News & Events

Pharmacist Goes Start-Up with the Help of Vanderbilt’s MMHC Program

Feb 10, 2020
Jerry Buller (MMHC’16) transitioned from Vanderbilt University Medical Center to become the Chief Pharmacy Officer at Trellis Rx

By Katie Bahr

Jerry Buller headshot

Jerry Buller

After working as the Director of Pharmacy for a couple different organizations, Jerry Buller (MMHC’16) started a specialty pharmacy at Vanderbilt University Medical Center in 2011. Newer specialty drugs enable patients to receive treatments such as chemotherapy in the comfort of their own homes but require a high-touch clinical service and infrastructure that can be cost prohibitive for traditional pharmacies.

“That’s where a specialty pharmacy comes in,” Buller said. “Specialty pharmacies started to appear in the 1980s with newer IV therapies and the advent of home infusion. However, in the late 1990s, the development of newer biologic therapies and oral cancer agents propelled this business into a new dimension.”

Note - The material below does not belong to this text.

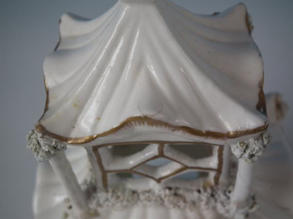 RESTORATION: Four top pillars reglued and join retouched.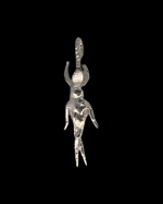 Charm depicting a rooted being growing petals. Hand sculptured in wax, cast into metal, and finished by hand.

When he initially joined VUMC, Buller describes his background as a pharmacist who knew a little bit about business. “I knew what a good specialty pharmacy looked like, but building one from scratch is hard,” he said. “We launched our specialty pharmacy with initial success. However, we knew to get to the next level, we needed help.”

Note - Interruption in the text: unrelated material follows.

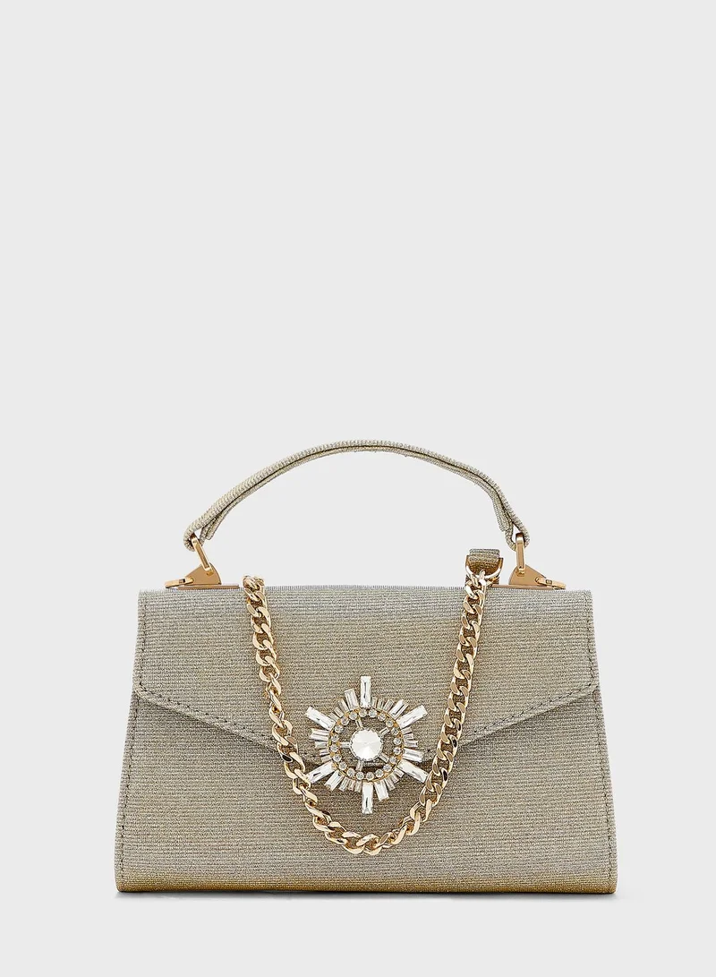 Introduce modern elegance to your accessories with this tote bag from Dune; defined with a stone embellished brooch on the front flap.

At the time, the health system CEO engaged consultants to help the pharmacy with infrastructure and governance. The consultants opened Buller’s eyes to a new mindset of how to build a business. Their expertise, especially their knowledge of operations, inspired Buller to enroll in Vanderbilt’s Master of Management in Health Care (MMHC).

“When I heard about the MMHC, I saw that the course work was pretty much what these guys from the consulting firms had in their back pocket,” he said. “I thought man, these guys are sharp. I really wanted to learn more and approach problems like they did.”

While pursuing his MMHC, Buller took the torch from the consultants and grew Vanderbilt’s specialty pharmacy three-fold after he graduated. For him, the greatest benefit of the program was learning to create efficient operations.

“We had six people working in our call center, the heart of our operations, when I started,” Buller said. “While attending the MMHC program, we combined with an additional specialty pharmacy and were able to reduce the staff required by 33 percent — down to four people — and were realizing even better metrics. The tools I learned in the MMHC were revolutionary to me.”

Having a revolutionary mindset has been pivotal to Buller in a field that is changing the pharmaceutical market. A few years after obtaining his MMHC, he joined the start-up company Trellis Rx, which helps health systems create specialty pharmacies, as the chief pharmacy officer.

“Specialty drugs only make up about 3 percent of what’s prescribed, but by the year 2020, 50 percent of drug pharmaceuticals will be spent on specialty drugs,” Buller says. “Specialty pharmacies are a tremendous opportunity, but it’s hard for hospitals to fund, operationalize, and assume financial risk to develop them.”

Trellis Rx takes on that risk, paying for the employees and infrastructure to get a specialty pharmacy going rapidly in exchange for a small percentage of revenue. The company aims to change the way patients experience specialty pharmacies and expects to have 20 partners by the end of 2020.

Building a business in a growing market was a challenge Buller had been tackling since he began working with specialty pharmacies. But the MMHC coursework helped him to excel in a small, growing company as opposed to an academic medical center.

“It’s a team effort, not a hierarchy, in a start-up,” Buller says. “We have to discuss and collaborate as a team, which is really different from the setting I was used to. I gained a tremendous amount of experience working in teams during the Vanderbilt MMHC. You also have to choose your brand and what you want to be good at. The MMHC taught me how to focus on your market and differentiate, which is so important to a start-up.”